On Tue, 2015-12-01 at 10:39 -0800, York Sun wrote:
On 11/23/2015 03:19 PM, Scott Wood wrote:
On Fri, 2015-11-20 at 22:33 -0800, York Sun wrote:
Valentin,
Can you refresh my memory why you needed this commitac337168ad81a18e768e5e3cfff8d229adeb2b25 (patch http://patchwork.ozlabs.org/patch/455439)? Today I bisect an issue back to this commit.
Scott,
Can you help to examine this u-boot commit? Before this commit, 512x/5xxx/83xx/85xx do nothing on function invalidate_dcache_range() and flush_dcache_range(). With this patch, I found e500v2 is broken on Intel e1000 card when testing v2016-rc1. I didn't catch this issue when testing this patch.
I wonder if this code is not safe for e500v2, or because the cache line size should be determined by reading L1CFG0. Why didn't we see any issue with Linux with the same code.
L1_CACHE_SIZE should be 5 as long as CONFIG_E500MC is not defined. I'm not sure what Linux has to do with this since it isn't the same code (in particular, Linux knows that the I/O is coherent and doesn't flush on e500).

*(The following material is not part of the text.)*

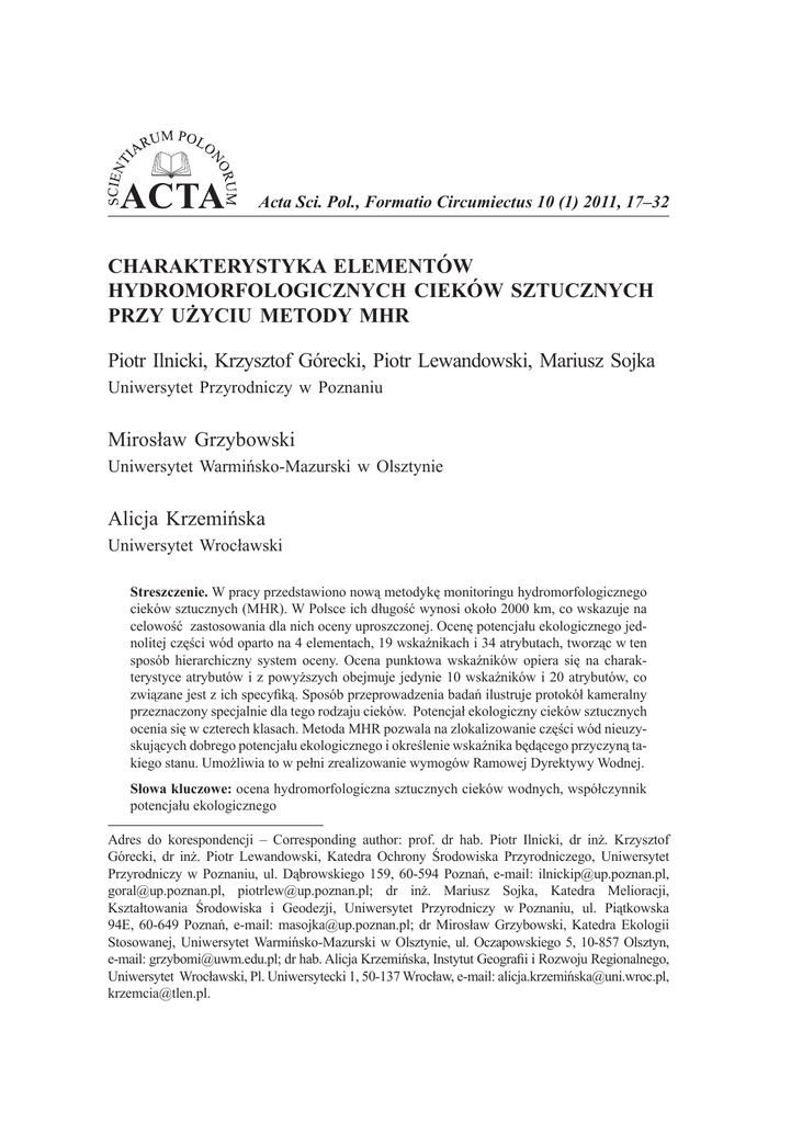 Acta Sci. Pol., Formatio Circumiectus 10 (1) 2011, 17–32 CHARAKTERYSTYKA ELEMENTÓW HYDROMORFOLOGICZNYCH CIEKÓW SZTUCZNYCH PRZY UŻYCIU METODY MHR Piotr Ilnicki, Krzysztof Górecki, Piotr Lewandowski, Mariusz Sojka** Uniwersytet Przyrodniczy w Poznaniu Mirosław Grzybowski Uniwersytet Warmińsko-Mazurski w Olsztynie Alicja Krzemińska Uniwersytet Wrocławski Streszczenie. W pracy przedstawiono nową metodykę monitoringu hydromorfologicznego cieków sztucznych (MHR). W Polsce ich długość wynosi około 2000 km, co wskazuje na celowość zastosowania dla nich oceny uproszczonej. Ocenę potencjału ekologicznego jednolitej części wód oparto na 4 elementach, 19 wskaźnikach i 34 atrybutach, tworząc w ten sposób hierarchiczny system oceny. Ocena punktowa wskaźników opiera się na charakterystyce atrybutów i z powyższych obejmuje jedynie 10 wskaźników i 20 atrybutów, co związane jest z ich specyfiką. Sposób przeprowadzenia badań ilustruje protokół kameralny przeznaczony specjalnie dla tego rodzaju cieków. Potencjał ekologiczny cieków sztucznych ocenia się w czterech klasach. Metoda MHR pozwala na zlokalizowanie części wód nieuzyskujących dobrego potencjału ekologicznego i określenie wskaźnika będącego przyczyną takiego stanu. Umożliwia to w pełni zrealizowanie wymogów Ramowej Dyrektywy Wodnej. Słowa kluczowe: ocena hydromorfologiczna sztucznych cieków wodnych, współczynnik potencjału ekologicznego Adres do korespondencji – Corresponding author: prof. dr hab. Piotr Ilnicki, dr inż. Krzysztof Górecki, dr inż. Piotr Lewandowski, Katedra Ochrony Środowiska Przyrodniczego, Uniwersytet Przyrodniczy w Poznaniu, ul. Dąbrowskiego 159, 60-594 Poznań, e-mail: [email protected], [email protected], [email protected]; dr inż. Mariusz Sojka, Katedra Melioracji, Kształtowania Środowiska i Geodezji, Uniwersytet Przyrodniczy w Poznaniu, ul. Piątkowska 94E, 60-649 Poznań, e-mail: [email protected]; dr Mirosław Grzybowski, Katedra Ekologii Stosowanej, Uniwersytet Warmińsko-Mazurski w Olsztynie, ul. Oczapowskiego 5, 10-857 Olsztyn, e-mail: [email protected]; dr hab. Alicja Krzemińska, Instytut Geografii i Rozwoju Regionalnego, Uniwersytet Wrocławski, Pl. Uniwersytecki 1, 50-137 Wrocław, e-mail: alicja.krzemiń[email protected], [email protected]. 18 P. Ilnicki, K. Górecki, P. Lewandowski, M. Sojka, M. Grzybowski, A. Krzemińska WSTĘP Sztuczne jednolite części wód powierzchniowych zostały stworzone przez człowieka w miejscu, gdzie wcześniej nie istniała żadna część wód; nie są one wynikiem bezpośredniego fizycznego przekształcenia, przesunięcia lub zmiany granic istniejącej części wód. Są to zatem kanały wykonane dla celów żeglugi śródlądowej, doprowadzalniki dla systemów nawadniających, odwodnienia terenów rolnych i stawów oraz cieki służące celom energetycznym (doprowadzanie i odprowadzanie wód chłodniczych), jak też odprowadzające wody z odwodnienia kopalń. Zgodnie z Ramową Dyrektywą Wodną (RDW) [Dyrektywa... 2000] przed 2015 rokiem należy dla nich określić potencjał ekologiczny i zaszeregować je do jednej z czterech klas jakości. Do oceny wykorzystuje się analizę elementów biologicznych, hydromorfologicznych i fizyczno-chemicznych. Wymaga to opracowania metodyki oceny elementów hydromorfologicznych dostosowanej do specyfiki cieków sztucznych. W pracy przedstawiono przygotowaną w 2009 roku nową metodę Monitoringu Hydromorfologicznego Rzek (MHR) w części obejmującej cieki sztuczne (Ilnicki i in. 2009). MATERIAŁ i ZAŁOŻENIA METODY Od 25 lat prowadzi się w Europie badania w zakresie hydromorfologii rzek, nie wyróżniając przy tym silnie zmienionych i sztucznych cieków wodnych, które traktuje się tak samo jak wszystkie inne cieki. W Raporcie Ministerstwa Środowiska z 2005 roku na obszarze dorzecza Odry wyróżniono wstępnie 96, a w dorzeczu Wisły 88, czyli razem 184 sztuczne jednolite części wód. Krajowy Zarząd Gospodarki Wodnej w latach 2007– 2008 ustalił, iż istnieje tylko 116 sztucznych części wód o łącznej długości 1815,74 km. W badaniach nad nową metodą MHR dla cieków sztucznych, przy uwzględnieniu istnienia około 2000 km tego typu cieków rozproszonych na terenie całego kraju, przyjęto, że ma ona spełniać następujące założenia [Ilnicki i in. 2009]: • powinna stanowić uproszczenie metody dla cieków naturalnych i silnie zmienionych; • powinna cechować się niską pracochłonnością; • badania powinny obejmować całą jednolitą część wód (JCW), a nie tylko jej wybrany fragment; • ocena nie może być różnicowana pod kątem wydzielonych typów abiotycznych, krajobrazów, wielkości zlewni i przeznaczenia kanału; • ocena każdej JCW ma być prowadzona za pomocą protokołu kameralnego i terenowego; • ocenę podstawową należy wykonywać kameralnie na podstawie map topograficznych (skala 1 : 10 000), ortofotomap (rozdzielczość 0,5 m) i bazy danych administratora cieku; • ocena kameralna jest korygowana w wyniku badań terenowych obejmujących co najmniej 10% długości badanego cieku; lokalizacja badanych odcinków w terenie powinna umożliwić wyjaśnienie wątpliwości i uzupełnienie brakujących danych; • ocena potencjału ekologicznego uwzględnia cztery elementy hydromorfologiczne: reżim hydrologiczny, ciągłość kanału, morfologię koryta i dolinę; elementy hydromorfologiczne oceniane są na podstawie wskaźników, te z kolei opisywane są za pomocą atrybutów; Acta Sci. Pol. Charakterystyka elementów hydromorfologicznych cieków sztucznych... 19 • stosowany jest system oceny punktowej pozwalający na obliczenie współczynnika potencjału ekologicznego (WPE); • określa się wartości graniczne WPE dla czterech klas potencjału ekologicznego; • metoda ma uwzględniać wymogi Dyrektywy Siedliskowej (92/43/EEC), Dyrektywy Ptasiej (790/409/EEC) i Dyrektywy Powodziowej (2007/60/WE) oraz normy opracowane p

What happens if you comment out invalidate_cache_range() but leave flush_cache_range()? We should never need to do the former on e500.
If comment out the invalidate_cache_range(), this problem goes away. I can see several calls of this function in e1000 driver.
Shall we keep this function only for CONFIG_4xx and CONFIG_MPC86xx? That's what we had before.
Maybe, though it would be good to know what the actual problem is... The driver should not be invalidating anything that was not previously flushed.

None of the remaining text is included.